Well, it could be worse. I’ve always been a supporter of the little guy. What really scared me was what would happen when I got to that tiny size Mormor had promised. What would he do to me? And then I realized how much time had passed, and that Suzy must have found the dead copy of me by now, and then I felt despair.
At some point later a three-legged demon came by with some strange-looking bread and bluish water. I didn’t want to eat, lest I ingest more of Mormor’s poisons, but the hunger by then was too strong. I discovered as I wolfed down the bread that I’d never commit suicide by hunger strike. The food was unpleasant, as different as could be from my last meal, but what really made it awful was the demon. The runt stood there watching me with his multiple eyes, licking his shoulders with his big hairy tongue. I can hardly describe his stink except to say it made the bilge of the Seaworthy smell like a host of golden daffodils.
Disgust and despair were eventually replaced by boredom, which I tried to relieve by seeking an escape. I could only guess how much time was passing by how long it took for me to get hungry again. The dull, unchanging light of the place came from no window or torch; just from the air itself, it seemed. I was in one cell of many, as Mormor had said; it was a warehouse of lost souls.
Many of the souls were screaming at least part of the time. I could probably hear a hundred or more, but I could only see five from the bars of my cell. There were the two Mormor had described—the one trapped in his own body and the one breeding horrible creatures that fed on her. Farther along was a man being kept alive by some sort of talisman over him, who was being rolled flat by a wheel of stone. A woman in the next cell was infected with some disease that caused her to attack herself, ripping away at her own flesh from time to time, teeth, nails, and sinew breaking and shredding. Another man kept alive magically was boiling in a vat and slowly melting; he made no sound, for his mind had clearly snapped. People always say you can’t imagine how bad it was—but I really hope you can’t. If Mormor was doing this in the name of knowledge, he was making ignorance look good.
“Hey,” came a weak voice from one of the cells. It was the woman acting as the human incubator. Her voice had probably been pretty, once.
“Hello,” I squeaked. It seemed my voice was shrinking along with me.
She said, “What’re you in for?”
“Trespassing or something.”
“Mm. I tried to burn a horrible book on demonology. Arrrgh!
“What’s wrong?”
“They’re getting ready to burst out again.”
I left it at that.
“Do me a favor?” she asked.
“Anything I can.”
“You don’t seem as bad off as most of us yet. If you manage to escape, before you go, kill me.”
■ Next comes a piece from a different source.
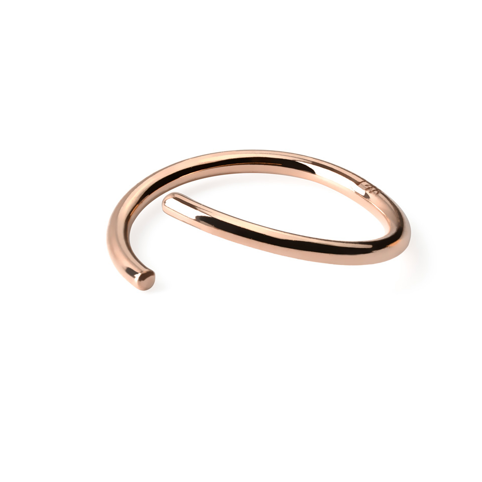 Minimalistinis vientisas žiedinis auskaras su itin paprastu uždarymo mechanizmu. Žiedas pagamintas iš 14k aukso, o norint jį įsisegti reikia paspausti ant auskaro galų, kad susiformuotų spiralė. Anga yra mažesnė, nei atrodo ant paveiksliuko. Iš tikrųjų, angos realiame gyvenime visiškai nesimato.

Escape. Yeah, right. By the time I was small enough to slip through the bars I’d be in the gerbil cage. And even if I wasn’t, what can you do when you’re five inches tall? I didn’t want to say it to her, but my chances of escape were as good as hers.
However, I sighed and said, “Of course.”
As the day progressed, my pain became almost unbearable. I was down to about half my height and unable to move. I must have dozed now and then, for I was awakened by weird sounds a couple of times, and once when the demon returned with a meal.
Just when I had sunk to the blackest spot of my life, a spot that has a lot of competition for the title, some more food was brought to me by a different demon, one larger and uglier than the first, but without the rotting flesh bouquet. It slipped bread and water to me through the bars, then stared balefully at me with its many eyes.
“If you’re waiting for a tip,” I said, “forget it.”
Then the demon tossed something to me I was not expecting—a root vegetable that I realized was mandrake. It looked enormous.
“Eat as much of it as you can, right away,” said the demon in Suzy’s voice.
“That’s it,” I said. “I’ve finally lost my mind.”
“For the first time? You’re sticking with that story?”
“Suzy!” I said. “Is that you for real? What has be done to you?”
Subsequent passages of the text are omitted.